The DPs were teardrop-shaped (Fig. 1a). Their approximate sizes were measured and compared with those of DPLTs (Fig. 1b). The mean actual canine DP maximal width was 265.8 ± 11.50 μm. The first outgrowth of dermal papilla cells presented after five days, and the cells had a flattened, polygonal morphology (Fig. 1c) with multiple cytoplasmic processes. We also observed the aggregative growth pattern in the multi-layer culture with the formation of the pseudo-papillae (Fig. 1d) and cells formed multilayered conglomerates on day 8.

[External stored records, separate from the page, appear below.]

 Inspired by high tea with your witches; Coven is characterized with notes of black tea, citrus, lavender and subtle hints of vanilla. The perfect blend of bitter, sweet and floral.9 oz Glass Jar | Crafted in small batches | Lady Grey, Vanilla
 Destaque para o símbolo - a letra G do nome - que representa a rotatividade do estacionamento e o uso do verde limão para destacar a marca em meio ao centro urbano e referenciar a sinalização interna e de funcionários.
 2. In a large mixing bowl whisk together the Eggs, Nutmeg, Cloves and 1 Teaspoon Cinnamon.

After the cell detach-attach process, cell aggregates were formed within five days. The mean DPLT size was 296 ± 12.43 μm, and there was no statistical difference when compared to actual DP size (p = 0.1465) (Fig. 1e). Various factors affected DPLT formation; of these, cell inoculation density was one of the most prominent factors. We tried DPLT formation with different cell inoculation densities, from 2.0 x 10⁴ cells/cm² to 8.0 x 10⁴ cells/cm². It was found that the optimal inoculation cell density was from 6.0 x 10⁴ cells/cm² to 8.0 x 10⁴ cells/cm² (data not shown). Cell migration only occurred in densities lower than 2.0 x 10⁴ cells/cm². Even though significant aggregation was observed from a density of 4.0 x 10⁴ cells/cm², in the optimal density, the number of DPLTs was higher and the sizes were more regular than those of DPLTs in a density of 4.0 x 10⁴ cells/cm².

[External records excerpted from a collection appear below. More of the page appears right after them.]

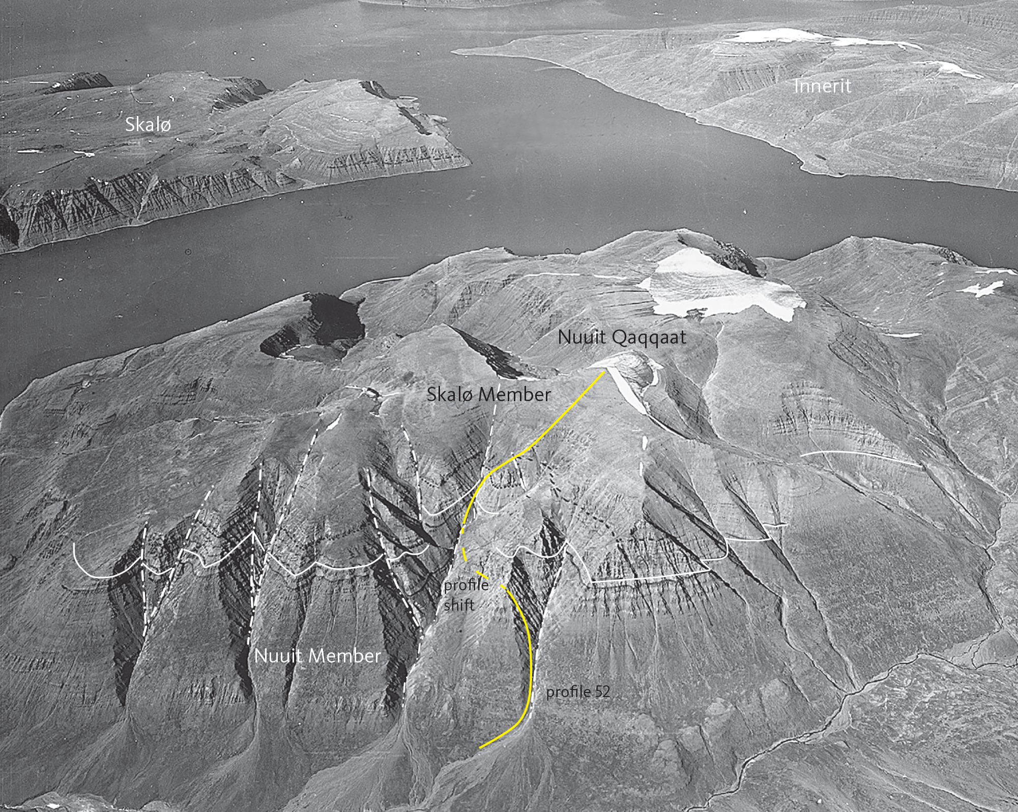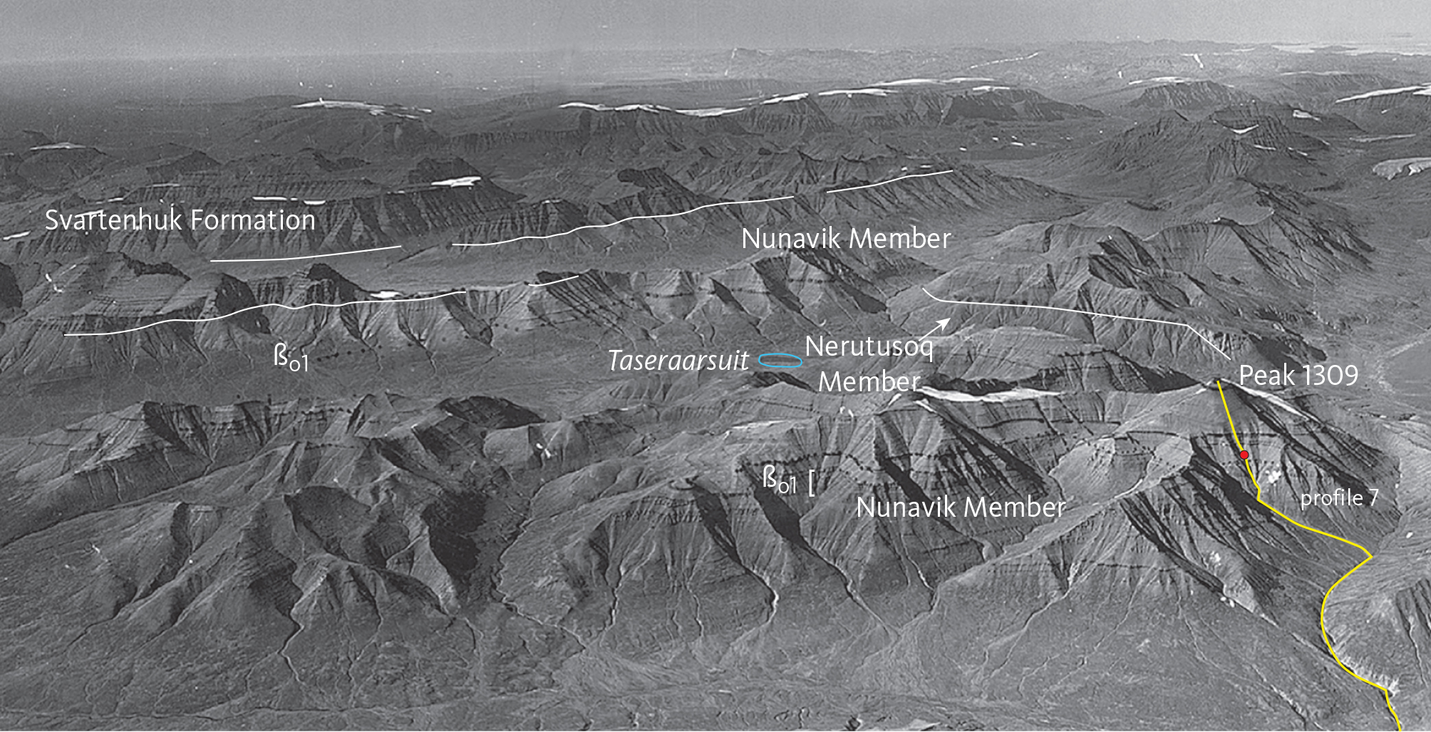 Reference sections. On Svartenhuk Halvø, Kakilisaat (profile 4) covers the Kakilisaat and Nerutusoq Members and the lowermost Nunavik Member. Peak 1078 m (profile 9) covers the main part of the Nunavik Member, and Peak 1309 m (Profile 7) covers the top part of the Nunavik Member and the boundary to the Svartenhuk Formation.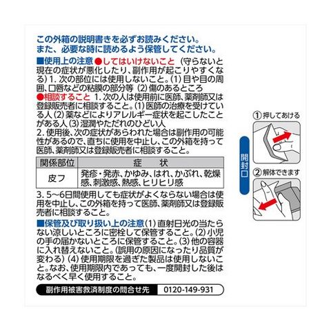 2.使用後、次の症状があらわれた場合は副作用の可能性があるので、直ちに使用を中止し、外箱を持って医師、薬剤師又は登録販売者に相談すること。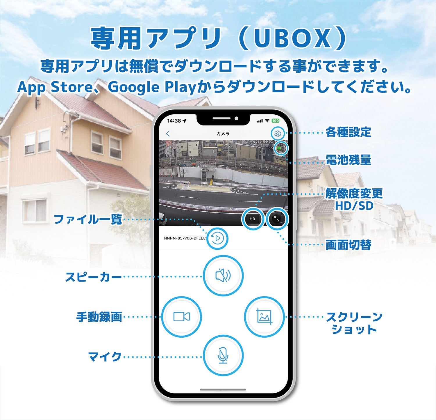 ● スマホアプリ対応:「UBOX」アプリで遠隔操作・映像確認

We performed RT-PCR and Western blotting to evaluate molecular similarities between DPLTs and DPs. Well-known hair-inductive markers, as previously mentioned, were assessed for evaluating the hair-inductive abilities of three groups on a genetic level. In addition, we assessed the quantitative protein expression level with laminin, vimentin and versican.

According to previous studies, ALP was used as an indicator for hair inductivity (6, 15), and versican was expressed in anagen hair follicles but absent in telogen hair follicles. This might support the idea that DP played an important role in anagen induction and maintenance (15, 24). WIF1, vimentin and laminin were related to signal transduction, cellular junction and cytoskeleton, and extracellular matrix and cell adhesion of DPs, respectively (12). In previous studies, WIF1 was considered to positively relate to in vivo murine hair-inductive capacity and was significantly over-represented in freshly isolated canine DPs (1, 6, 11, 13). Vimentin is known for the functions of promoting the proliferation of DPCs and increasing cell migration and growth factor expression and laminin plays an important role in promoting DP development and function during early hair morphogenesis (25).

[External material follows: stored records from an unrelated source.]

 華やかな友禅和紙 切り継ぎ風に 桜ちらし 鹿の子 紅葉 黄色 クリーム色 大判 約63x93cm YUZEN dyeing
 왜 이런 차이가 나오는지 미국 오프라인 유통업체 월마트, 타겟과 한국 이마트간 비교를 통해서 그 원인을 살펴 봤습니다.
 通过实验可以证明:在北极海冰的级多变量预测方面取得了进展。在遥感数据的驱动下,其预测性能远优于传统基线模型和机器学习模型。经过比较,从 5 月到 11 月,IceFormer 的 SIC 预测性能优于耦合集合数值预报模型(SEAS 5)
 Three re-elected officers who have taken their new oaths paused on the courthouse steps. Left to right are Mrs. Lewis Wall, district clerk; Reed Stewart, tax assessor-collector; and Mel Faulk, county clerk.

RT-PCR analysis revealed that AD-MSCs, DPCs, and DPLTs expressed all markers as mentioned above (Fig. 2). In western blotting, all three groups showed similar versican expression level, which was reflected by their hair-inducing ability. However, we also observed that vimentin and laminin had a higher level of expression in DPCs and DPLTs compared to AD-MSCs (Fig. 3), which might mean that DPLTs have higher hair inductivity than AD-MSCs and the potential to be a viable substitute for actual DPs.